Старшой вдруг жестом показывает: взвести автоматы, расстегнуть подсумки с гранатами. Вижу, ему что-то шепчет наш солдат, который был рядом с ним, на что тот резко схватился левой рукой за подсумок и зло, одними губами, проговорил:
– Там поздно будет смотреть да расстегивать.- И в голос тихо добавил: – Сумеешь сразу, быстро – дело твое.
– Ну-у-у…- Мы замерли и уставились на него.
Зачерпнув горсть снега, старшой, делово протерев лицо, зло прошипел, словно мы ни в какую не хотели идти:
– Пошли!
Мы бросились на насыпь. Короткий приглушенный стукоток по шпалам… С той стороны склон был круче и выше. Внизу два вконец перепуганных лица, развернувшись обалдело, застыли в растерянности и, казалось, летели на нас. Тот, что был ближе к нам на нашем пути, нелепо поднял руки над головой, тихонько прерывисто вопя: "А-а-а-аз-з". Совершенно багровый старшой, сопя, низвергался на него и должен был смести, раздавить его своей массой, но, извернувшись, с ходу схватил лежащий на снегу черный автомат, резко мотнул им у самого носа немолодого краснолицего немца. Тот, чуть не завалившись, отпрянул в сторону, еще выше воздев руки, округленными, как у совы, глазами, казалось, говорил: "Да, я и сам не знаю, откуда он здесь взялся!" Однако, молниеносно сообразив, что все может и окончиться этой вот угрозой, с доброжелательной готовностью задергал головой, дескать: "Понял, повторять не надо!" Другой еще сидел с опущенными штанами и, диковато исказясь в подобии улыбки, под стать своему приятелю по утреннему туалету, как дятел, долбил башкой, разведенными в стороны руками показывая, что у него вообще ничего нет, кроме скомканного клочка бумаги.
– Что там, друг? – мягко и как бы между прочим, как само собою разумеющееся, хотел выговорить я, но получилось как-то нарочно, и я поспешил сделать вид, что сам немало удивлен, что в самый неподходящий момент что-то там в горле засвербило и оскал этот дурацкий откуда-то взялся.
Сначала он только скользнул по мне взглядом – отстань, дескать, но ‹тут› же, вернувшись, рассмотрел меня намного дольше, чем того требовал бы человек, просто спросивший "Что там, друг?", так что продолжать выяснять, что там или где-то в другом месте, было довольно глупо да и просто рискованно, я понял это по его взгляду: должно быть, воспоминания ночи были еще слишком свежи.

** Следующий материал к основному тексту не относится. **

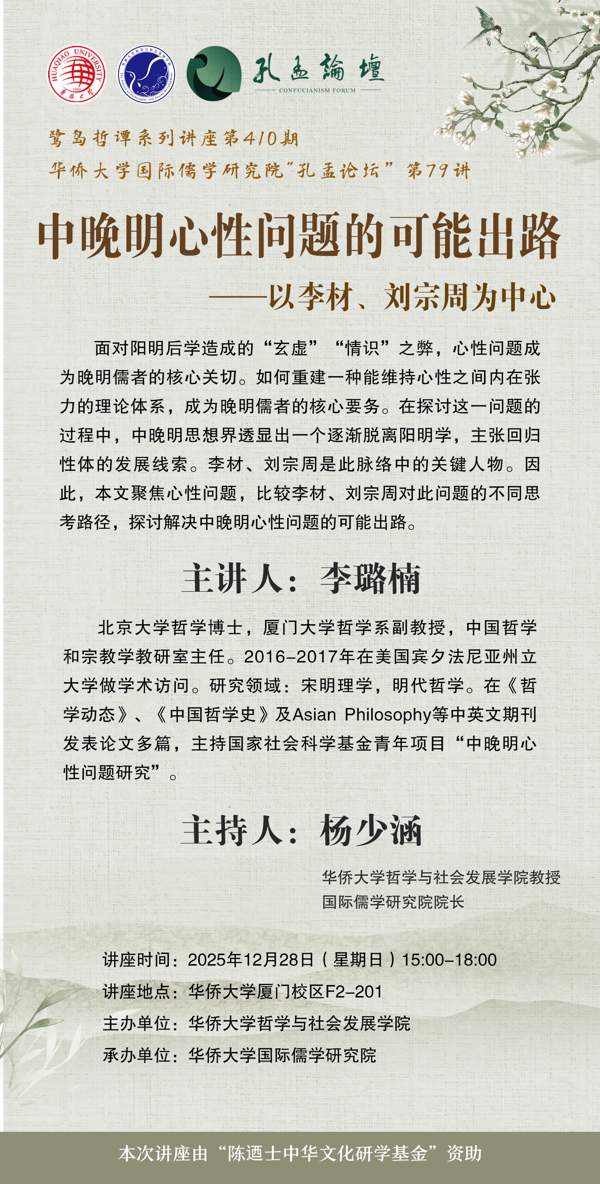 【讲座预告】鹭岛哲谭系列讲座第410期暨永利集团国际儒学研究院"孔孟论坛"第79讲之中晚明心性问题的可能出路——以李材、刘宗周为中心

Между тем туман, поднявшись в долине, завис теперь над нею мягким, неровным потолком, и мы здесь, лежа на возвышении, просто упирались в него головами. Лошади, казалось, ликуют, видя наконец перед собой открывшийся их взору добрый, светлый, привычный их лошадиному ожиданию мир долин, лесов и так понятных им твердых дорог, и они в далеком ровном шуршании, в упоении скользили к насыпи.
Долина сияла, словно ее за ночь старательно отмыли, свежесть утра одарила ее хрупкой прозрачностью, которую мы все так ждем и любуемся ею ранней весной. Совершенно непонятно, как из такой красоты и нежности вчера могла идти смерть. Поражала чистота воздуха – лошади были далеко, но виделись так, словно мчались вот здесь, где-то совсем рядом, но только очень маленькие, словно вырезанные из картона и покрашенные в темный цвет.
– Тихо, нишкни! – зашипел вдруг почему-то опять зло старшой, точно я помешал ему прислушиваться к чему-то страшно важному.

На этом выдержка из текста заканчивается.